Les États membres ont simplifié ce système pour éviter que les obligations ne soient redondantes, et réduit la charge administrative pour les opérateurs et les autorités des États membres. La position du conseil introduit aussi la possibilité, pour les petits opérateurs, de faire appel à des opérateurs de plus grande taille pour préparer les déclarations de diligence raisonnable. Les pays tiers seront classés selon un niveau de risque associé à la déforestation (faible, standard ou élevé) qui déterminera l’étendue des obligations spécifiques des opérateurs.

Dilution

Les Vingt-sept ont toutefois introduit, à la demande des grands pays forestiers du nord de l’Europe, des modifications de la définition de la dégradation des forêts. En l’absence de définition internationale de la Fao, ce concept devra s’entendre comme « les changements structurels du couvert forestier prenant la forme d’une conversion de forêts primaires en forêts de plantation ou en d’autres terres boisées ». Pour WWF il s’agit d’une dilution qui affaiblit fortement la portée du texte.

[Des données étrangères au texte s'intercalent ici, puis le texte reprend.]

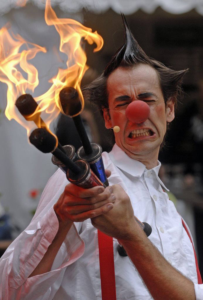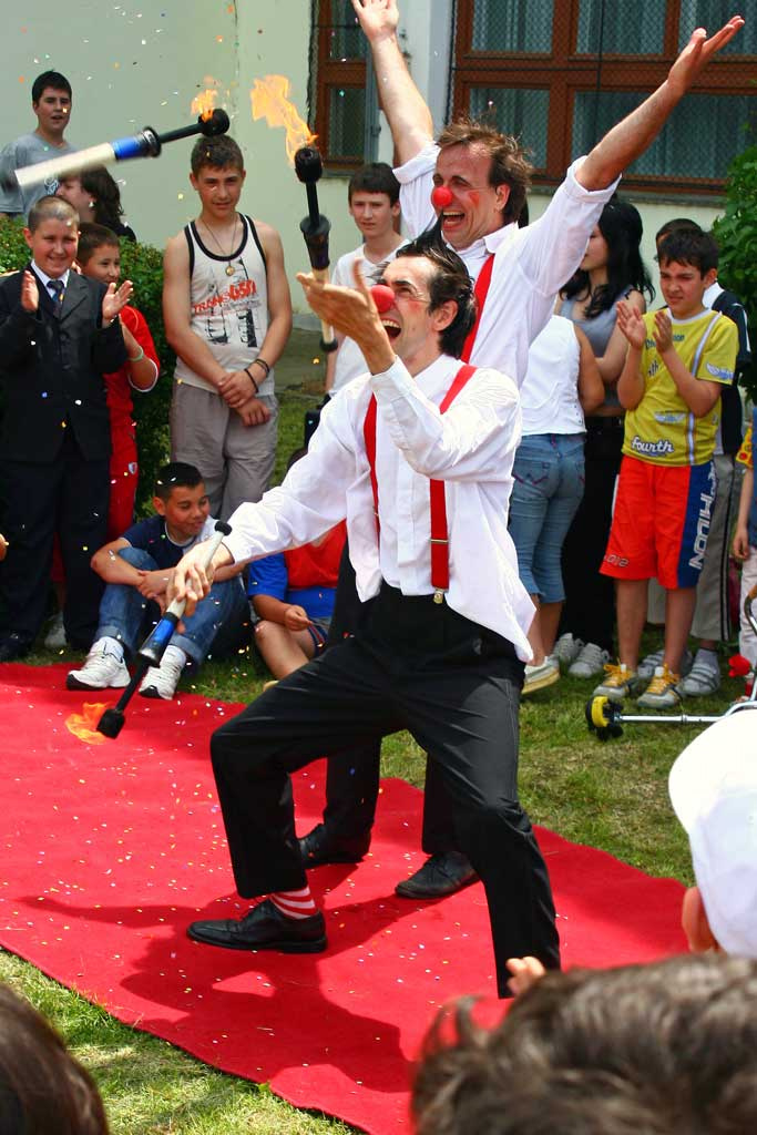 The two clowns take their sceptre in their hands and transform the stage into a theatre. Featuring amazing acrobatics, juggling and breathtaking fire eating, the comedy clowns provide laughing soreness guaranteed!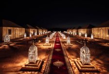 Our Morocco adventure continues as we explore the Dades Valley, driving towards Tinghir and the Toudra Gorges, perfect for a scenic walk. The route then leads to Erfoud, passing through a palm grove and possibly visiting a fossil shop and factory. Continuing to Rissani and the Merzouga Sahara desert, we prepare for a camel ride into the dunes, reveling in the desert sunset. An unforgettable night unfolds in the heart of the dunes, with dinner around a campfire and accommodations in a desert bivouac under Nomad tents.
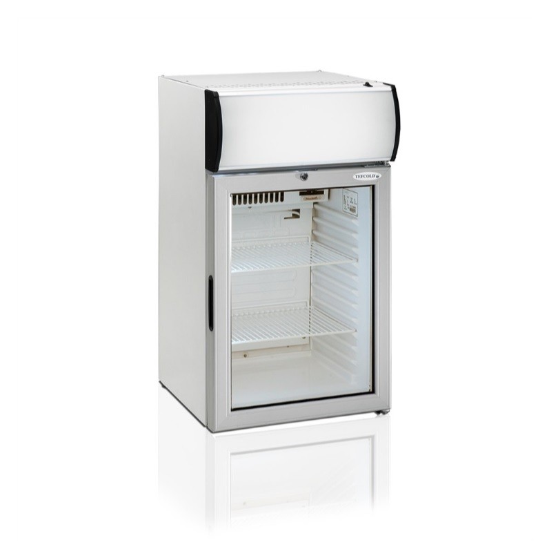 Chladnička má LED vnitřní osvětlení, LED osvětlení reklamní nástavby, 1 prosklené křídlové samozavírací dveře, 2 nastavitelné police, 4 nastavitelné nožičky, automatické odtávání a zámek.

L’ONG dénonce également la suppression des contrôles obligatoires dans les pays jugés à faible risque de déforestation. « La position de négociation du Conseil a autant de trous qu’un fromage suisse, mais elle n’a malheureusement pas le même goût », résume WWF.

Au tour

du parlement européen

Des négociations avec le parlement européen pour trouver un compromis final sur ce dossier pourront s’engager dès que les eurodéputés auront, de leur côté, finalisé leur position sur ce texte. Ce devrait être le cas à l’automne, possiblement en septembre, sur la base du rapport préparé par le Luxembourgeois Christophe Hansen (Démocrate-chrétien). La République tchèque qui a repris prend la présidence tournante du Conseil de l’UE le 1er juillet dernier, a fait de cette question l’une de ses priorités.

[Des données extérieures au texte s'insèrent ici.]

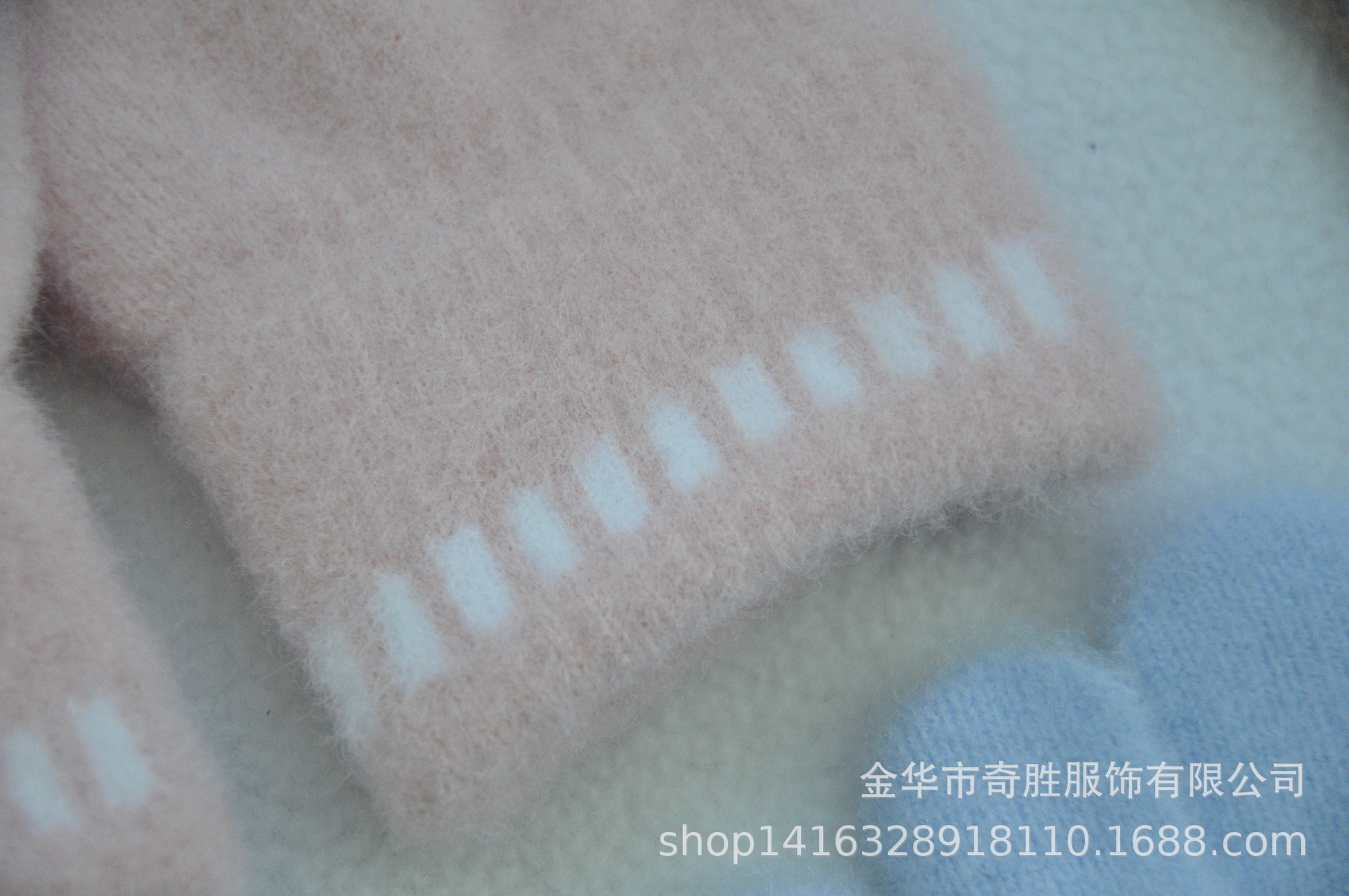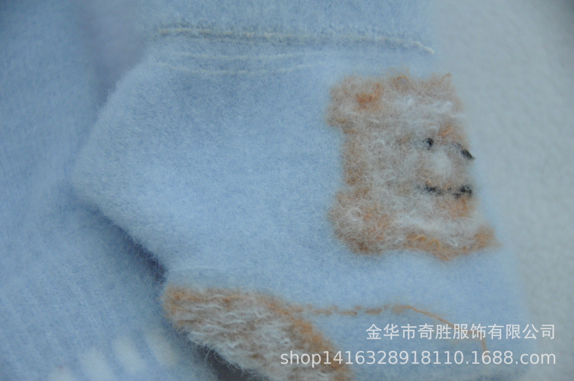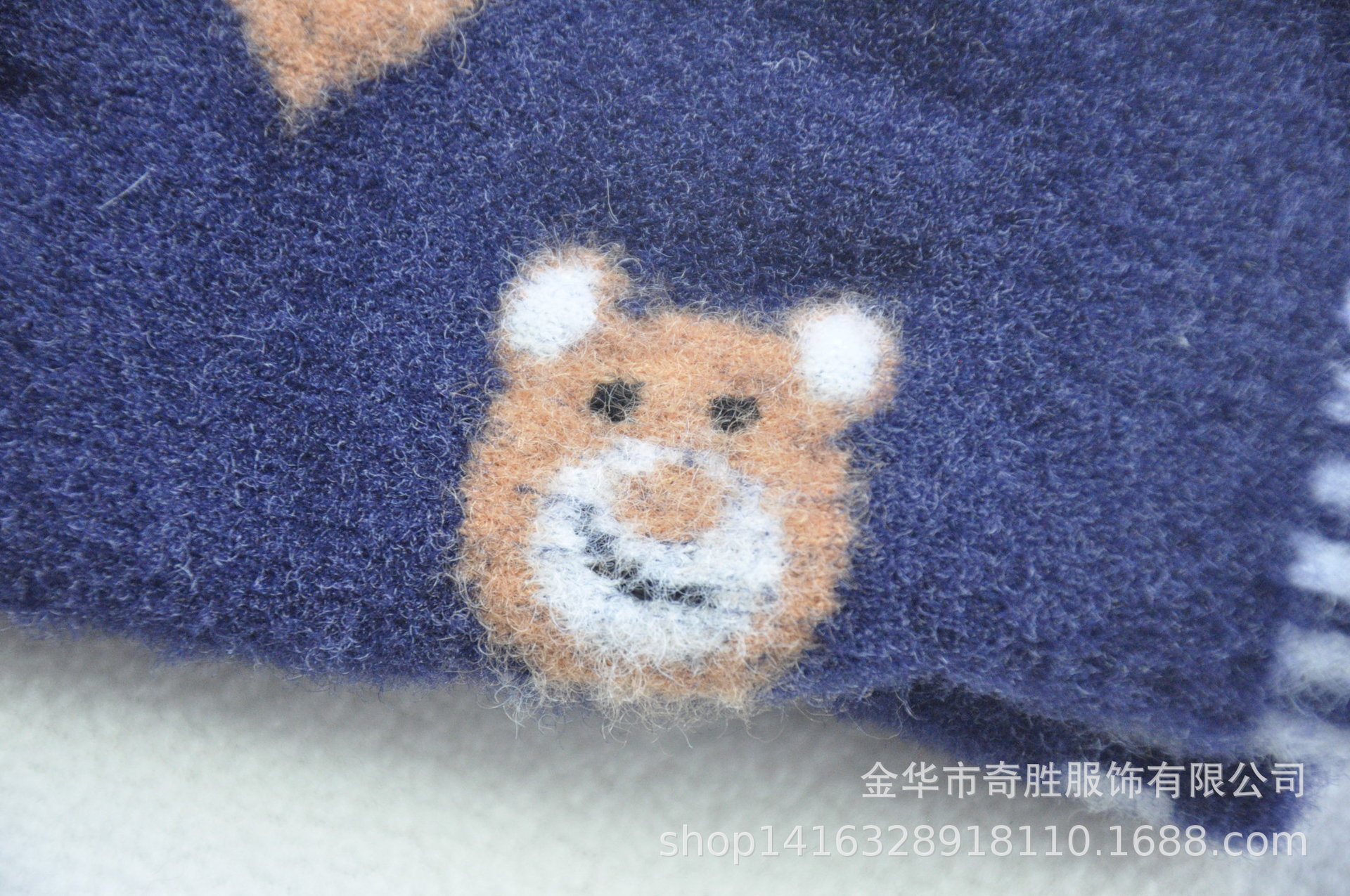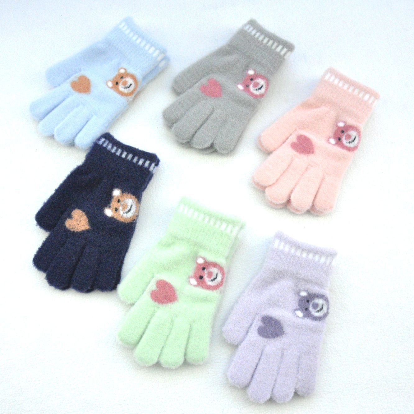 儿童新款冬季保暖加绒加厚貂毛手套男女中童全指防寒小熊提花手套

Les organisations professionnelles du commerce de céréales (Coceral), des huiles végétales (Fediol) et de l’alimentation animale (Fefac) se sont inquiétées qu’aucun changement significatif n’a été proposé par les États membres dans leur position sur la déforestation importée pour simplifier les règles en matière de traçabilité, de coopération avec les pays tiers et de chaîne d’approvisionnement.

Ils déplorent en particulier que le conseil ait maintenu la proposition de la commission européenne d’exiger la traçabilité des informations sur les parcelles pour tous les volumes fournis précisant que « même si certains agriculteurs des pays producteurs peuvent se conformer à cette exigence, la collecte des données de géolocalisation des petits exploitants et des coopératives se heurte à d’importants défis techniques, logistiques, juridiques et de gouvernance ».

Inquiétudes

des importateurs

et des transformateurs

Les transformateurs et importateurs de l’UE préviennent aussi que « demander une séparation des flux de produits vérifiés et non vérifiés à tous les stades de la chaîne d’approvisionnement aura un effet de perturbation et de distorsion des échanges sur les chaînes d’approvisionnement mondiales de soja vers l’UE, tout en sapant les engagements et les efforts en matière de déforestation déjà entrepris dans les zones à haut risque ».

Cette exigence ajoutent-ils, « nécessiterait la construction de nouvelles infrastructures (silos de collecte, chaînes ou usines de trituration, chargement portuaire) à des coûts si prohibitifs que les opérateurs de la plupart des grands ports sont susceptibles de s’abstenir d’investir ».